Print out the full material below, exact in every line, with no images included.

[TASK INPUTS]

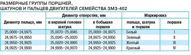 Перевірте посадку поршневого пальця у верхній головці шатуна. Зазор між пальцем і втулку верхньої головки шатуна повинен бути 0,0045-0,0095 мм. Пальці, поршні і шатуни розбиті на чотири розмірні групи і промарковані фарбою. Палець маркують на внутрішній поверхні з одного кінця, шатун - на стержні. Близько верхньої головки на днище поршня вибивають римську цифру показує групу поршня.
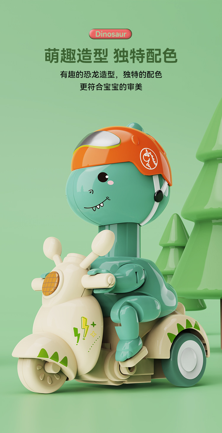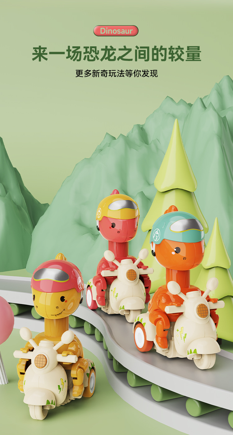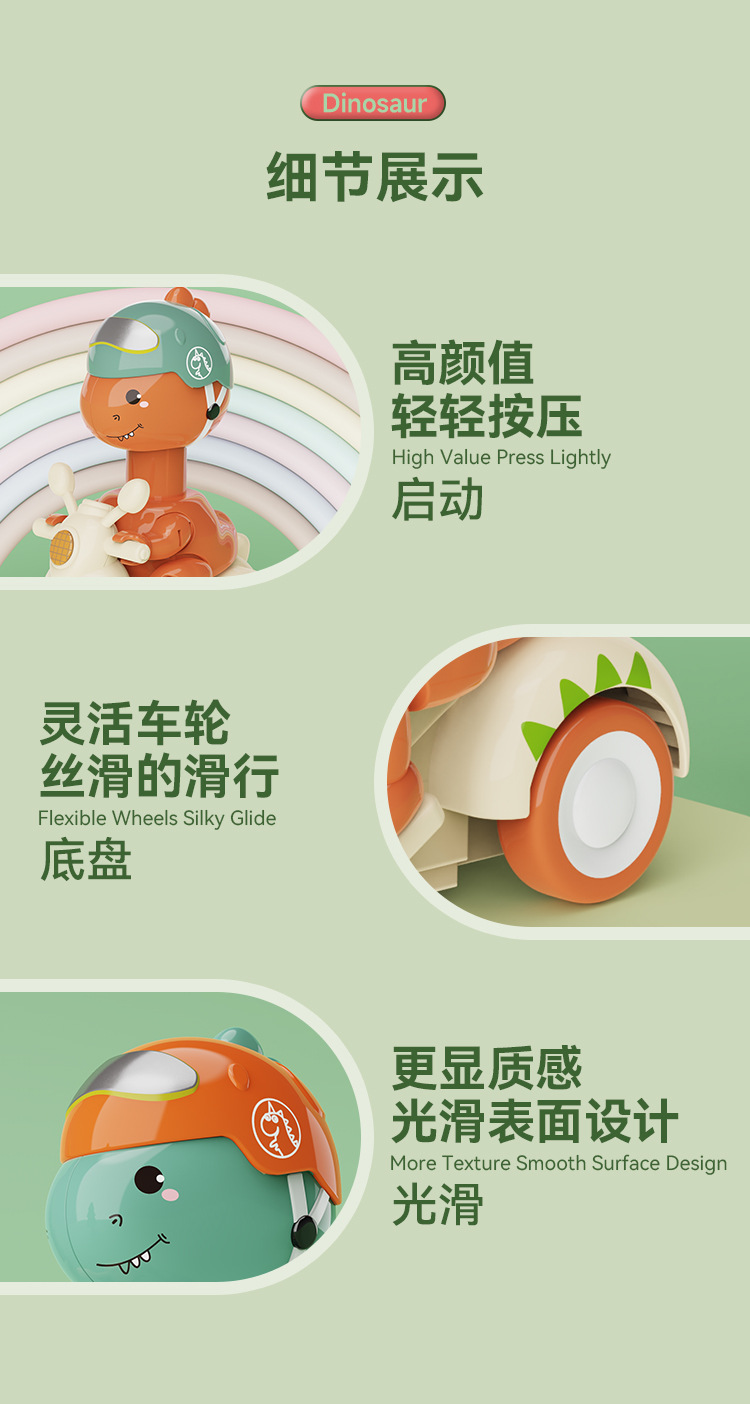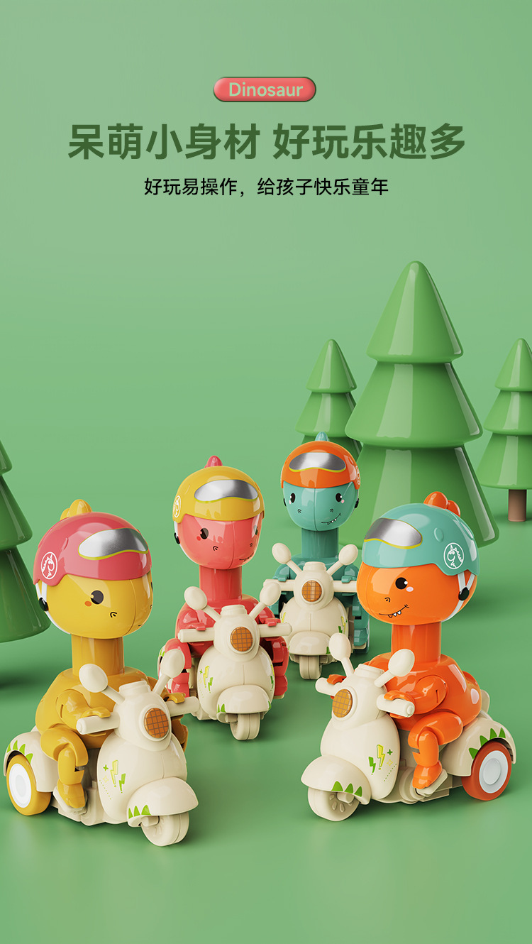 Dinosaurio de dibujos animados para niños compresión de motocicleta inercia retroceso deslizamiento infantil puzzle coche de juguetes de educación temprana coche lindo
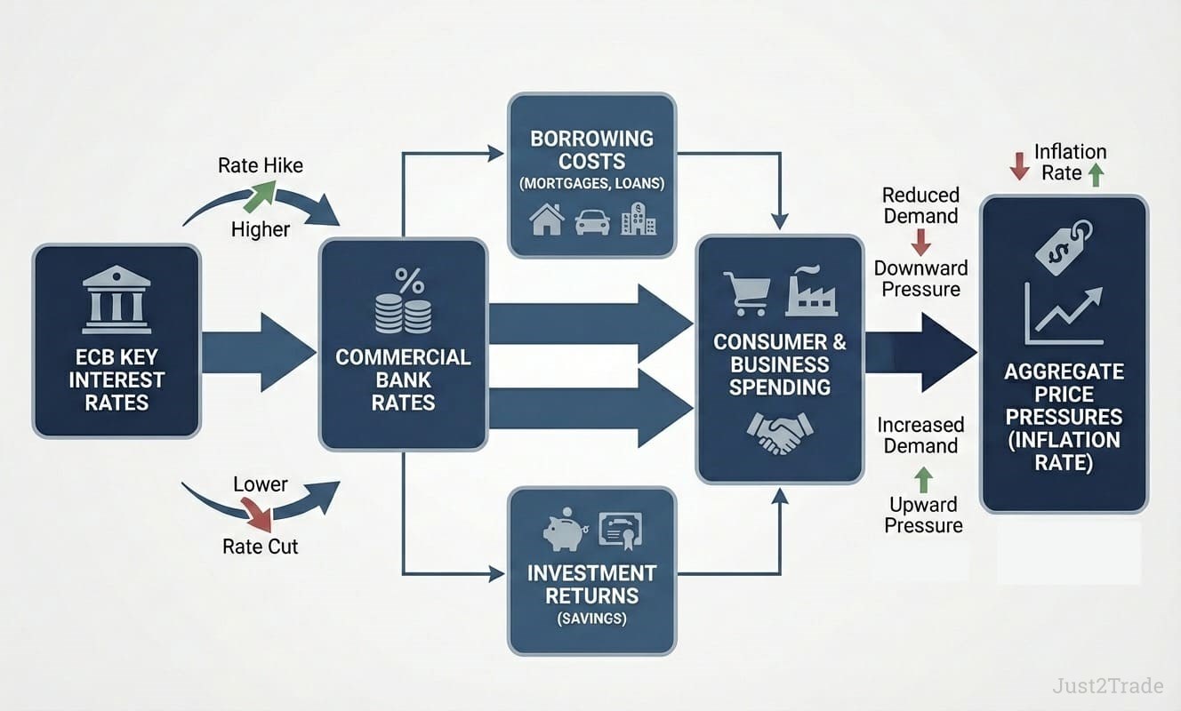 ECB Deposit Rate → Commercial Bank Rates → Consumer & Business Borrowing Costs → Spending & Investment Patterns → Aggregate Price Pressures → Inflation Rate
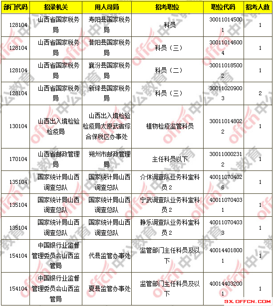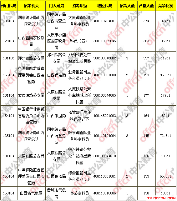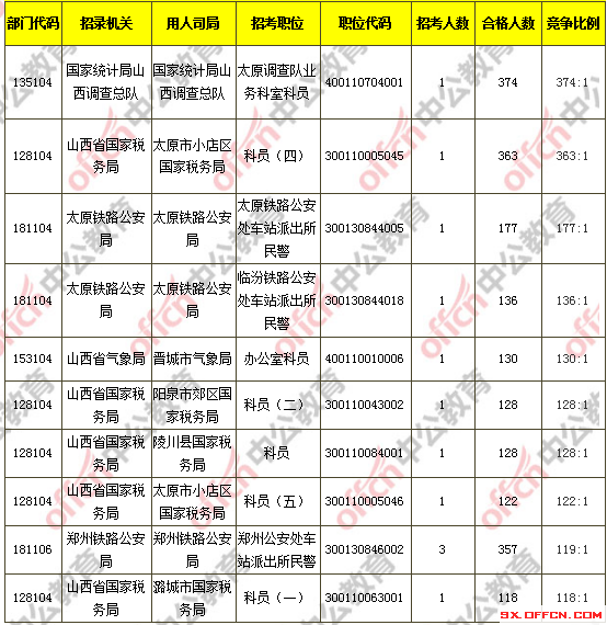 報名通過審核人數(shù)前十的職位主要集中在國家統(tǒng)計局山西調(diào)查總隊、山西省國家稅務(wù)局、太原鐵路公安局等部門,具體信息如下:
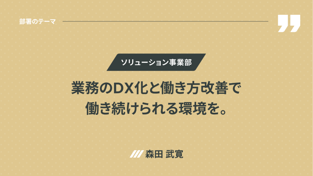◉ ソリューション事業部 森田武寛 : 私たちはオーナー様のリスクをゼロにすることを大目的としながら「契約業務のDX化」、そして、「働き方の改善」をめざします。現在は、契約プロセスの標準化、海外投資家対応のフロー整備、火災保険管理体制の構築に取り組んでおり、帳票作成自動化とチーム制により、業務負荷の分散を可能にする仕組みづくりを進めます。いつまでも、ずっと働き続けられる環境を作っていきたいですね。

[/TASK INPUTS]

ANSWER SECTION
 Перевірте посадку поршневого пальця у верхній головці шатуна. Зазор між пальцем і втулку верхньої головки шатуна повинен бути 0,0045-0,0095 мм. Пальці, поршні і шатуни розбиті на чотири розмірні групи і промарковані фарбою. Палець маркують на внутрішній поверхні з одного кінця, шатун - на стержні. Близько верхньої головки на днище поршня вибивають римську цифру показує групу поршня.
 Dinosaurio de dibujos animados para niños compresión de motocicleta inercia retroceso deslizamiento infantil puzzle coche de juguetes de educación temprana coche lindo
 ECB Deposit Rate → Commercial Bank Rates → Consumer & Business Borrowing Costs → Spending & Investment Patterns → Aggregate Price Pressures → Inflation Rate
 報名通過審核人數(shù)前十的職位主要集中在國家統(tǒng)計局山西調(diào)查總隊、山西省國家稅務(wù)局、太原鐵路公安局等部門,具體信息如下:
◉ ソリューション事業部 森田武寛 : 私たちはオーナー様のリスクをゼロにすることを大目的としながら「契約業務のDX化」、そして、「働き方の改善」をめざします。現在は、契約プロセスの標準化、海外投資家対応のフロー整備、火災保険管理体制の構築に取り組んでおり、帳票作成自動化とチーム制により、業務負荷の分散を可能にする仕組みづくりを進めます。いつまでも、ずっと働き続けられる環境を作っていきたいですね。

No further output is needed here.